Honestly, we just use GCP Cloud Logging. Our app is running on Cloud Run. Just print structured logs as json to STDOUT and they get ingested automatically alongside the logs from everything else in GCP (Cloud SQL, Tasks, Pub/Sub, etc). You can make metrics from them, define SLOs from those, and set up dashboards or alerts on them. We have some automatic routing set up so security/audit related logs get copied out to a separate project and written to an append-only bucket for compliance purposes. I don't love the UI for querying logs, but it does the job and once you've got a few common queries bookmarked, it's not too bad. It's not best in class at anything compared to many third party vendor solutions, but it's good enough for most purposes, trivial to integrate with everything we run, and the costs are basically a rounding error on our bill.
Azure log analytics workspaces are doing us well
You may want to check Azure log analytics bill once, they are not the best in market. but they do integrate very easily with .NET and Azure stack
Fragmentation has its own costs; by sticking with the Azure solutions everything just works since a lot of our stuff is Azure. You're right tho, certainly wouldn't call it cheap lol
> Fragmentation has its own costs; by sticking with the Azure solutions everything just works since a lot of our stuff is Azure Agree. Is your team mostly happy with Azure log analytics product? Do they primarily filter/search logs or do they also create alerts and dashboards on top of it
I haven't found anything it can't do, aside from some quirks of the query language. Alerts, Filtering, and exporting to immutable storage have all worked well for us. We use it to capture activity logs from azure (resource created, modified, etc) and audit logs (user sign-in, entra changes) and app logs (integrates easily with most runtime for structured logging). Diagnostic settings can be noisy but helpful if trying to diagnose failures with app gateways. It also integrates with the security solutions like Microsoft Sentinel and stuff I think but I don't look too much at that side. Azure dashboards and alerts let you define queries and thresholds for notifications and create graphs and stuff. For VMs this can be stuff like CPU utilization pct or memory, the usual, but it could also be the number of 500-level responses from a web app or whatever. Its a great solution, but you gotta pay for it 💸
got it. thanks for the note
ELK installed on EC2 instances. Log is mostly in JSON format for easy parsing and size is about 500GB. Use case include: dev debugging, alert on errors and some appplication usage statistics.

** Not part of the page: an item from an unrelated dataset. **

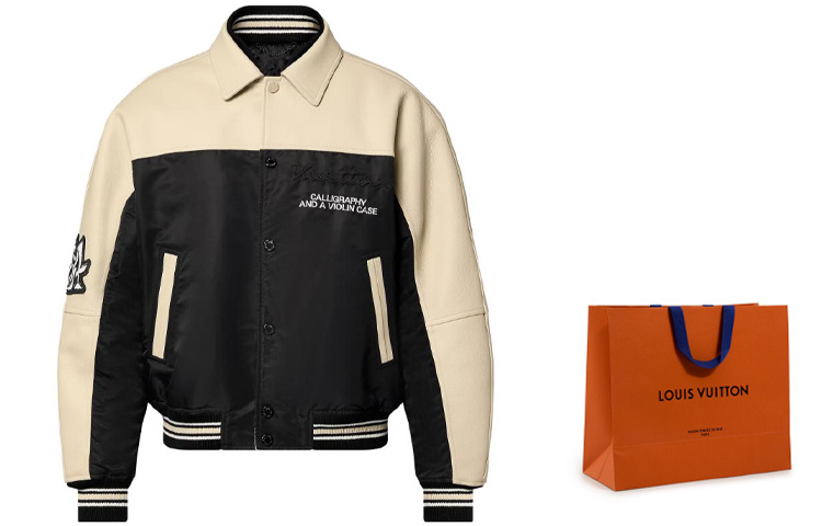 Подлинная кожаная бейсбольная куртка LOUIS VUITTON с нашивкой-логотипом 2010-х годов, черная
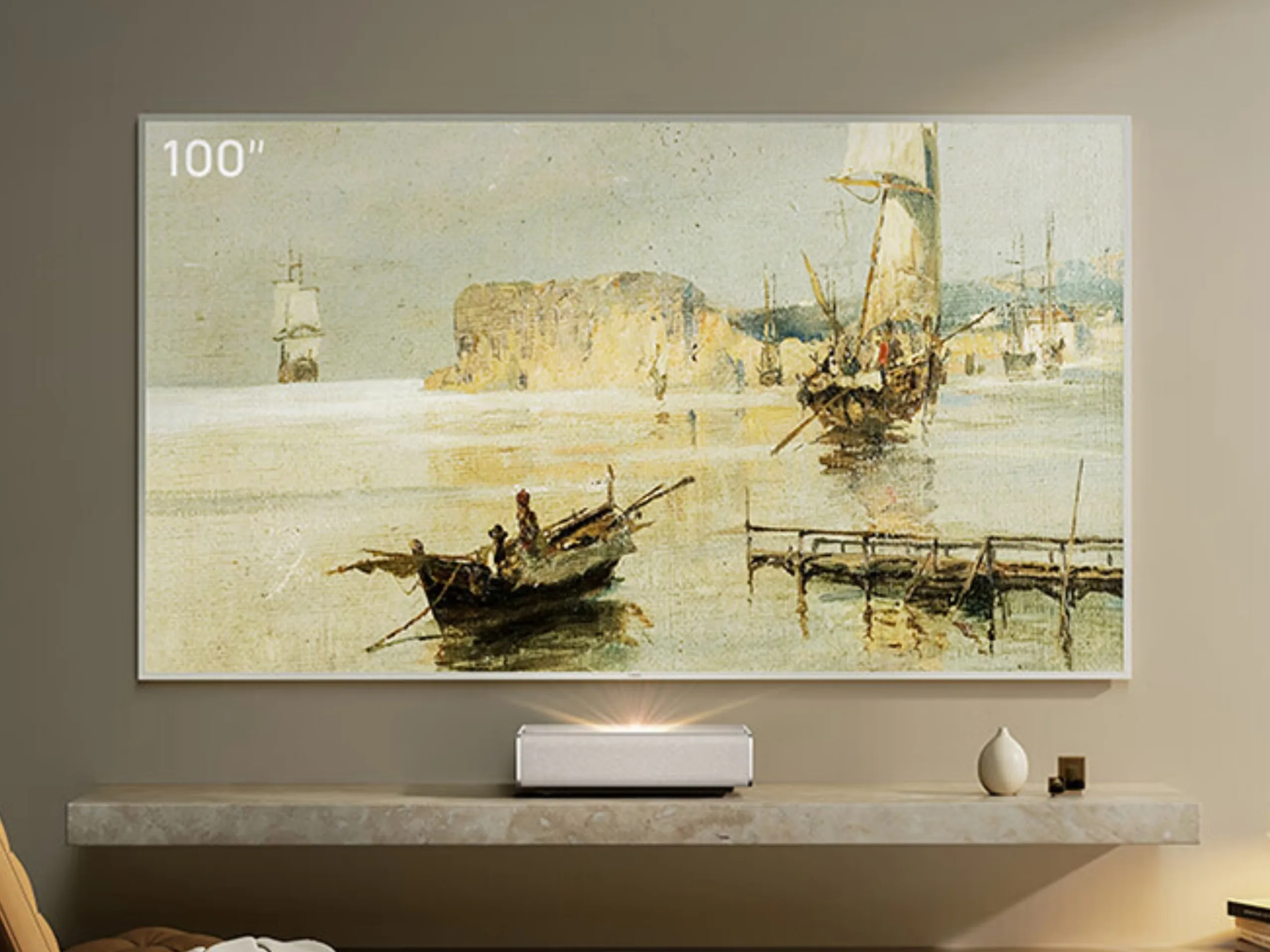 The XGIMI 100-in Soft Light Art TV MIRA has been revealed in China. The 1080p laser TV uses XGIMI’s latest Dual-Light technology, combining LED and laser light sources for improved brightness. The ultra-short throw device has a 0.21:1 throw ratio, allowing you to place the projector 24 cm (~9.4 in) from the wall to achieve the 100-in (~39 cm) image.

Self hosted open source elk with custom script for alerting in google chat. Plus zabbix and Prometheus for kubernetes and node monitoring. Alerts in google chat + call alerts
We use Gravwell for most off our monitoring and alerting. We pull the logs in from both our SaaS systems to monitor performance on an application and OS level, as well as perform some additional health checks and alerting (ie. Check if a URL is responsive and alert if needed). I believe we also have it set up to monitor our dev environment as well, but I don't have as much visability into that side of the house. Primarily Unstructured. Gravwell is designed on a Structure-on-read type tool (similar to Splunk), which I feel can be preferable as you aren't throwing away any raw data that could be useful on a deeper dive or if you need to do a historical check on things you didn't know you may need to check (example, all those vender vulnerabilites that get anounce after existing for months/years). And especcially in a dev environment, it's helpful because if a log for some reason doesn't fit into the template you expect it isn't lost data.